Government extending some subsidy programmes and introducing new ones
On 14 October 2020, the government approved several subsidy programmes for entrepreneurs affected by the coronavirus pandemic. This involves extending the effectiveness of some of the previous subsidy programmes and introducing some new ones. The individual programmes’ detailed conditions will be disclosed in the upcoming days.
The government approved the extension of the COVID – Rent subsidy programme with new funds for allocation amounting to CZK 1.2 billion. Entrepreneurs entitled to this type of subsidy are those who perform retail activities and provide services to customers in leased retail premises and whose provision of services to customers and sale of goods in these premises was banned or significantly curtailed as a result of the adopted emergency measures. The amount of support shall be 50% of the total rent for the July to September 2020 period and shall no longer be conditional upon a discount provided by the lessor. In the Minister of Industry and Trade’s opinion, it is good that the programme had already been approved by the European Commission, thus allowing the retrospective compensation of rent even for the period preceding the escalation of the second wave of the pandemic.
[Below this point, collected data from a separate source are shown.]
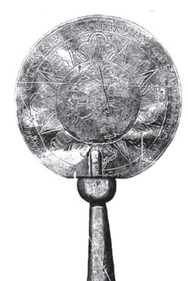
The upper part of the banner of Prince Konstantine Mukhranbatoni

According to a law enacted by King Vakhtang VI (1703-1724) of Kartli, the princes of Georgia had to be divided into three ranks: high, middle, and low. That the Mukhranbatonis had a princely origin is also evident from a list compiled by Vakhtang VI before his re-settlement in Russia in 1724. This list of royal retinue (amounting to approximately 2,000 people) included all the members of the royal
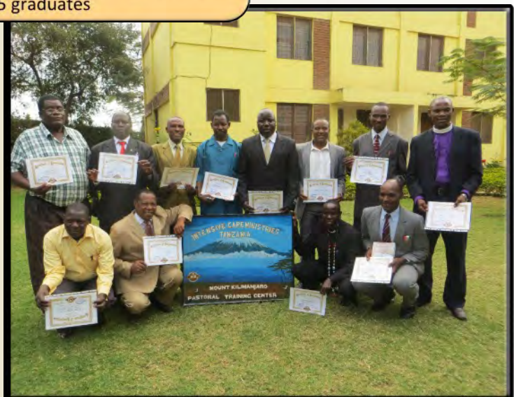
Bottom R: Class 5 graduates

Catch up on our personal journey through our website news, and find many more pictures there.
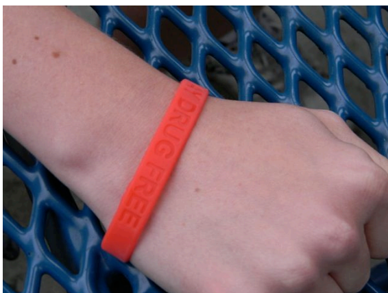
Red Ribbon Week

The COVID – Culture programme will also remain in effect, offering CZK 750 million for allocation. Support shall be provided in respect of expenses incurred for unrealised cultural events or projects that should have taken place between 1 October 2019 to 20 November 2020 as well as expenses for performing continuous culture-related activities in the period from 1 March 2020 to 20 November 2020.
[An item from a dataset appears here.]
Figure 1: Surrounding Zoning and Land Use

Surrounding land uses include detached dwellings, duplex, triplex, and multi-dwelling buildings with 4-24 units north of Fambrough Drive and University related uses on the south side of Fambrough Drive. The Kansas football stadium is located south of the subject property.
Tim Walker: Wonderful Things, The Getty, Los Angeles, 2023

An entirely new subsidy programme, COVID – Bus, should help entrepreneurs in non-scheduled bus transport; the COVID – Sport II programme mainly targets professional sports clubs and sports event organisers. The government is also preparing the AgroCOVID Food Industry subsidy programme intended to provide support to food producers whose production headed towards public food services has been significantly curtailed by the government’s emergency measures; the programme’s conditions are yet to be approved by the government.
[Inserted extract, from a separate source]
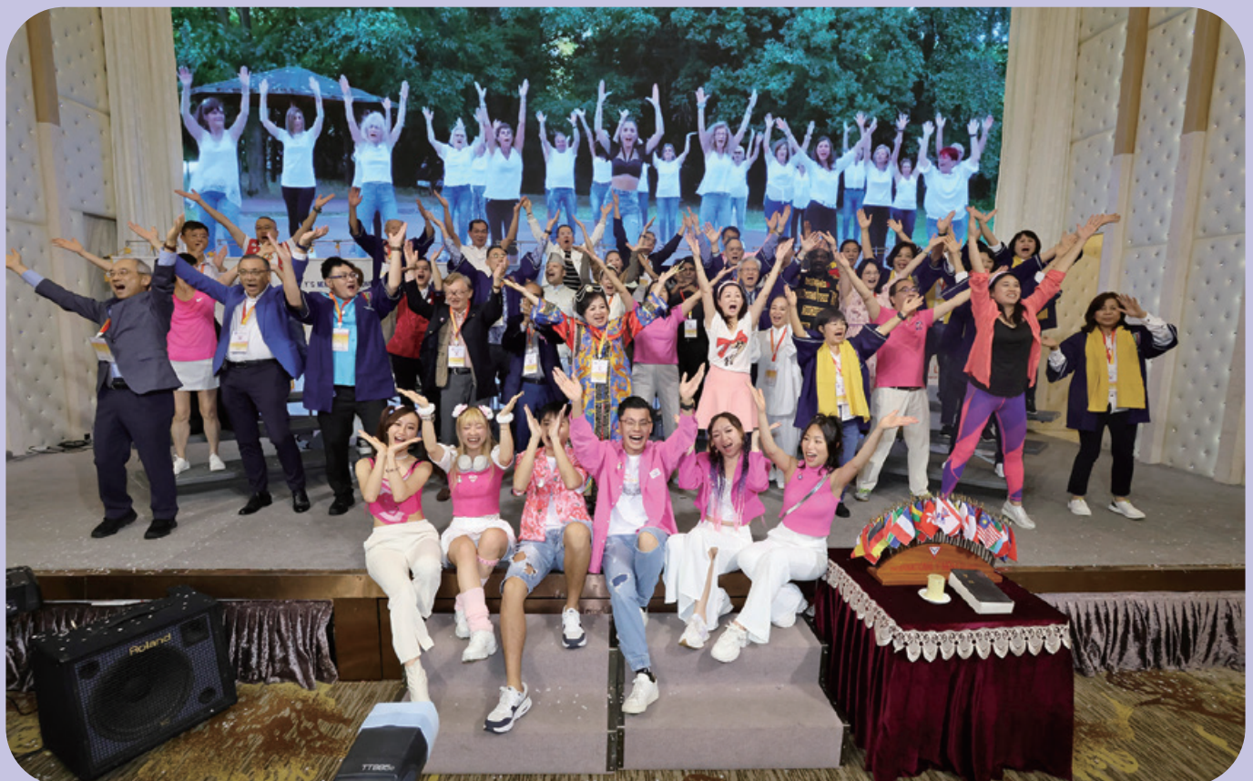
Dancing, Southeast Asia & Sri Lanka Regional Performance

The government has also approved a proposal of how to use funds from REACT-EU within the Integrated Regional Operational Programme 2014–2020. The European Commission is planning to allocate EUR 47.5 billion to member states, while the exact allocation amounts are not yet known. The government has preliminarily agreed that 56% of the final allocation will be intended for healthcare, 15% for investment in facilities for athletes, and 29% to support the Integrated Rescue System and retirement home constructions conforming to a passive building standard.
The above information is based on press releases issued after the government sessions. The individual programmes’ final criteria will be made available once specific calls to participate in the programmes are announced.